Sometimes it is better to let the work speak to the moment. We begin this month with a text reflecting on a recreation of the “meditation room” installed at the UN headquarters by a diplomat later rumored to have been murdered for his commitment to the organization’s ideals. While we must acknowledge that even spaces of spiritual experience are implicated in structures of power, writes Natasha Marie Llorens, this work suggests that “the most violent stages” can nonetheless “be instrumentalized in service to subtle and multivalent forms of resistance.” We can only hope.

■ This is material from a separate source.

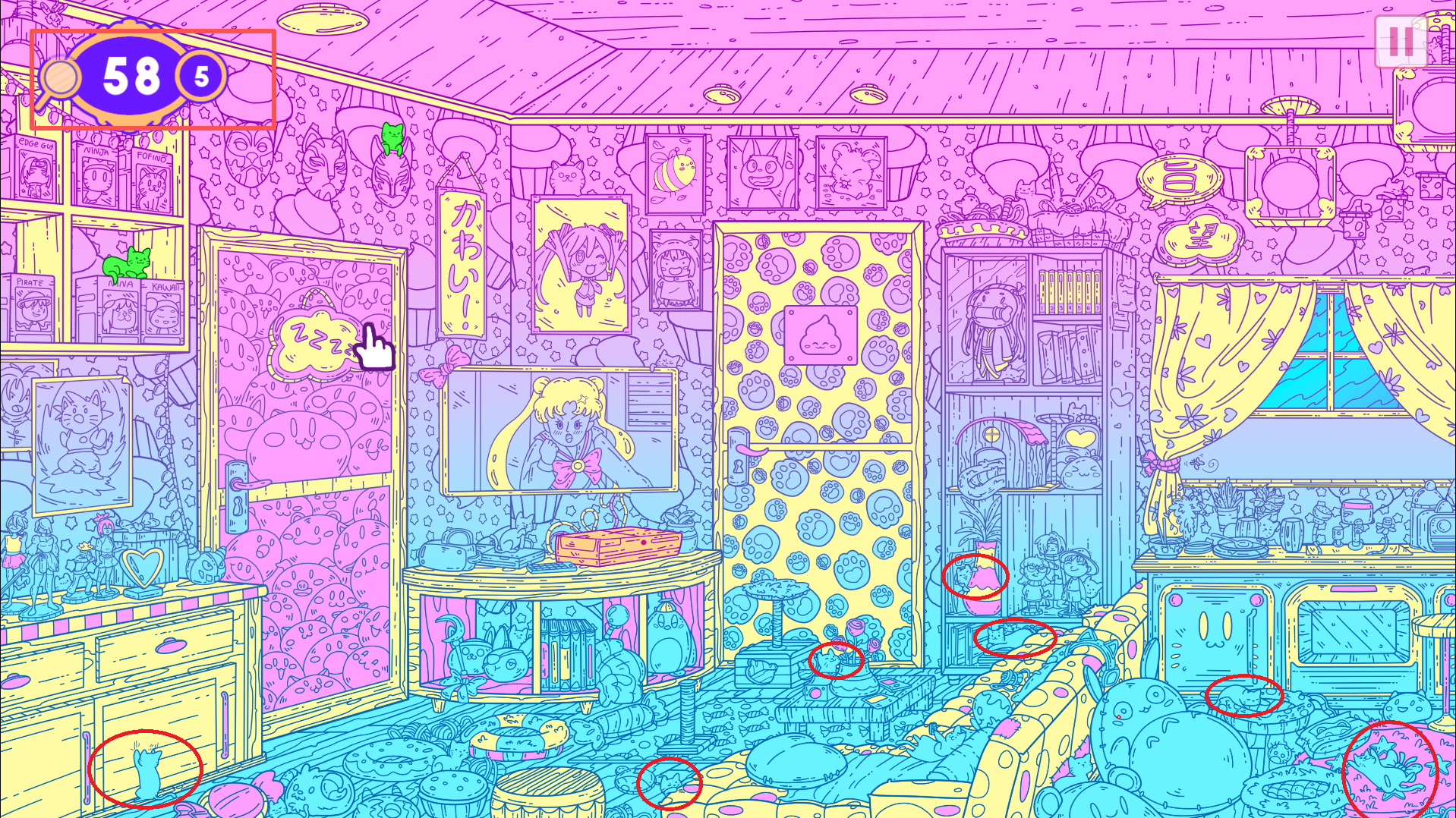 6、游戏需要玩家尽可能的找到更多调皮的小猫,点击即可,找到的小猫会变成另一种鲜明的颜色。

It is the nature of art that the work (and its criticism) will always be inflected by those events by which it—and we—are surrounded. That is especially the case when those events are as consuming of our attention as the US election or Israel’s increasingly unconstrained destruction of Gaza. An exhibition of Ariella Aïsha Azoulay’s “Unshowable Photographs” also illustrates how works of art can slip the purposes to which they are put by transforming photographs whose meanings have literally been fixed into drawings that might speak for themselves. That there are no illusions here about the function of images is not a cause for despair so much as a call for close reading and creative intervention.

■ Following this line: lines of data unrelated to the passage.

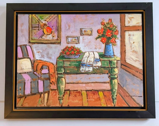 Mostafa Keyhani Lg Oil Painting of Bright Sitting Room - Iranian/Canadian Artist
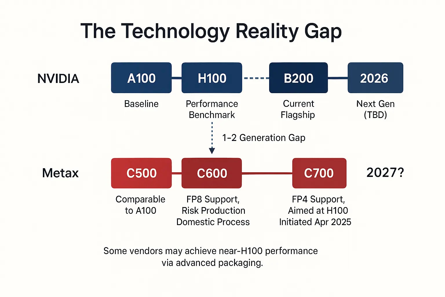 The Shanghai Stock Exchange clearly pressed Metax for specific performance benchmarks, and the company’s responses are revealing. Their flagship C500 series chips benchmark against NVIDIA’s A100–a product released in 2020. Their upcoming C700 series targets H100 performance, representing technology NVIDIA shipped in 2022. This isn’t catching up; it’s maintaining a predictable 2–3 year technological lag.
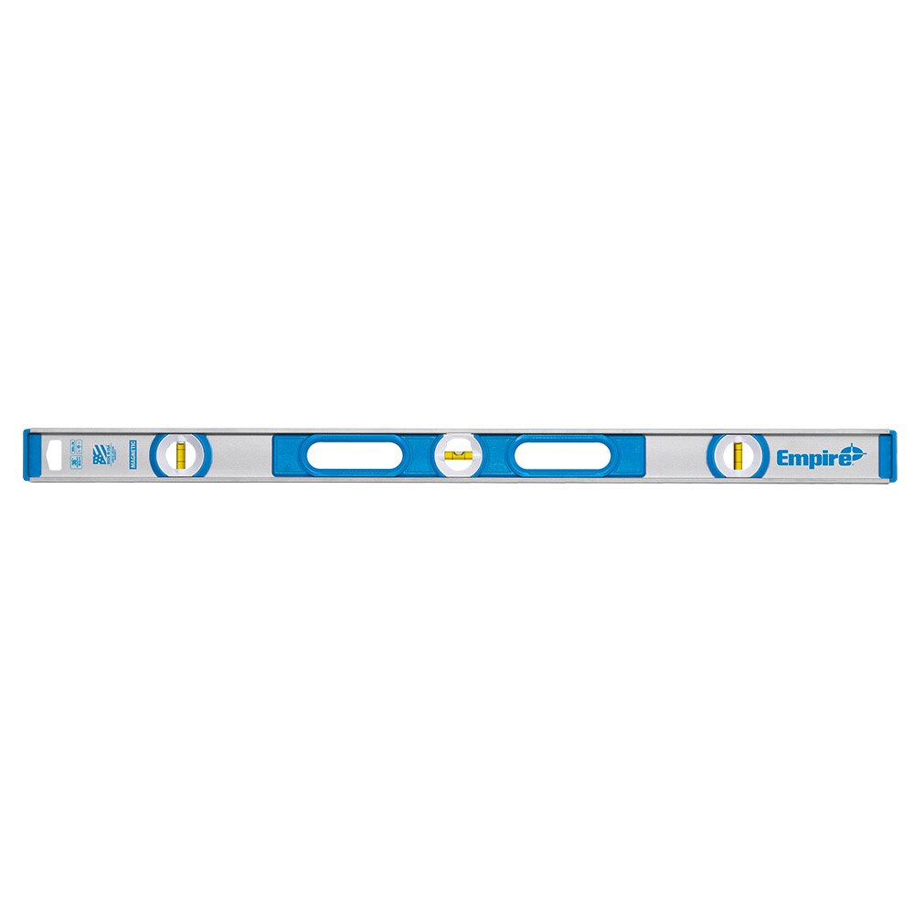 As the dominant market leader in levels, squares, and marking products, Empire Level is committed to delivering innovative solutions designed to satisfy the needs of the modern jobsite. The 500 series I-Beam levels offer superior performance in all key areas of user needs and functionality. Exclusive high contrast vial surrounds make viewing easier in all light conditions and feature impact resistant acrylic mono vials for reliable durability. An all metal frame offers superior durability and protects long life accuracy to within .0005 in. per in. in all working positions. Each level is equipped with impact-resistant end caps to withstand the harshest jobsite conditions. For added utility, the 500 series features a top-read window for clear overhead viewing & has built-in molded grip zones for enhanced portability. Magnetic models include a high-strength continuous magnetic edge which provides users maximum holding power when measuring door frames, steel studs, ferrous pipe and other common metal-working applications. Made in the USA.
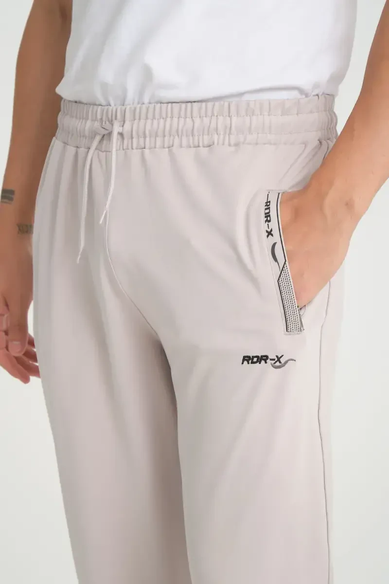 Men's Grey Detailed Relaxed Fit Straight Leg Scuba Fabric Sweatpants-Grey
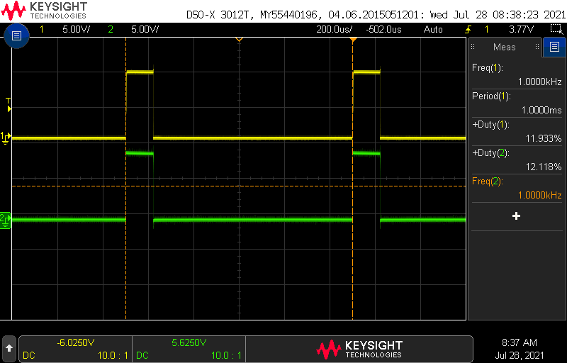 Aはパルスは正、Bは反転させました。デューティ比はduty_factor、デッド・タイムはdead_timeで設定します。
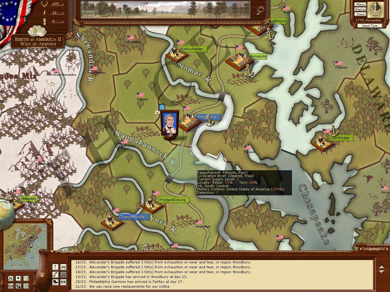 The Rappahannock region shows a road running through it but is listed as Track. All the other road regions along that route are listed as major roads. This causes a bit of problems moving from north to south because of the river. It makes that bridge irrelevant as units always move through the region to the northwest instead.
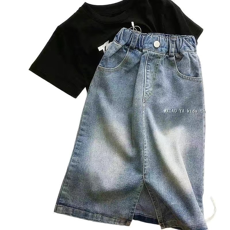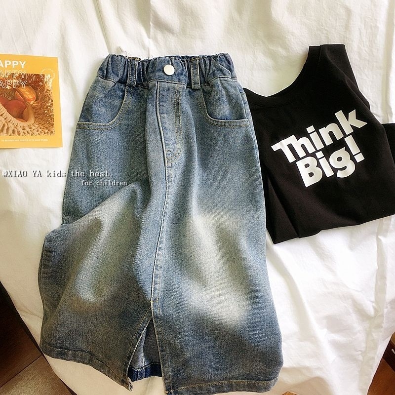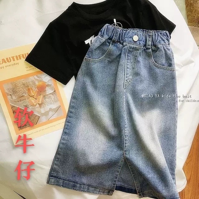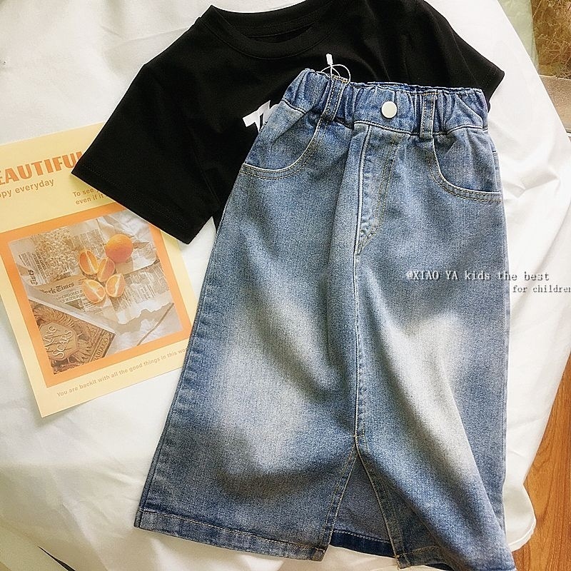 큰 어린이를 위한 데님 스커트, 여름 어린이 스커트, 인터넷 연예인 스타일 공주 스커트, 소녀 봄, 가을스토어 가기
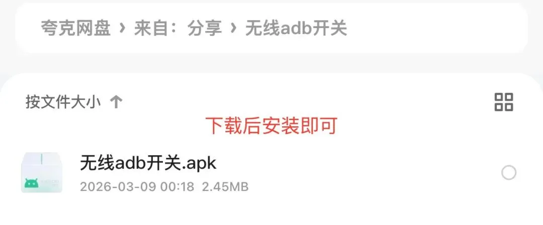 "无线adb开关"安装后默认不会出现在桌面上无法打开,安装成功后去重新操作步骤一即可

The question of how reality is delivered to us in the form of images, and how we might critically engage not only with what we see but how we see it, is a motif of the “Currents” section of the New York Film Festival. As our minds are programmed to see patterns even in random distributions of information, so it can seem that there are harbingers everywhere. The Tbilisi Architecture Biennial is reviewed after the victory of Georgia’s ruling pro-Putin party in an election skewed by Russian interference; writing about the Jakarta Biennial, Innas Tsuroiya suggests that we might need to move beyond exercises to more justly distribute resources and instead pioneer entirely new modes of organization that do not rely upon “a center that can no longer hold.”
A new survey of contemporary art in Southeast Asia promises to introduce readers to the different ways in which artists in the region have used public space to effect measurable social changes, strategies that might have wider application in the months and years to come. Nástio Mosquito’s 2008 “manifesto,” meanwhile, heralds a present in which “social media gurus giving life hack advice, populist politicians emitting dumb-down slogans, and mercenaries making cocky pep talk [are] part of one continuum,” according to Jörg Heiser.
The resonances are sometimes more obvious than others. We’ll publish an account of a dinner to commemorate the life of Palestinian poet and translator Wael Zuaiter, who was assassinated in Rome in 1972. And yet even the reissue of a “photoroman” by Hervé Guibert from nearly half a century ago offers an opportunity to reflect on the psychosocial dynamics of power and violence, pain and pleasure, that make possible the continuing brutalization of the majority in service of the minority.
In New Orleans, the sixth edition of the Prospect triennial proposes that some places—those most subject to the ravages of climate change and global inequality—are harbingers of what is to come elsewhere. The implication is that the future has already arrived, if we only knew where to look for it and, perhaps more importantly, are willing to see it.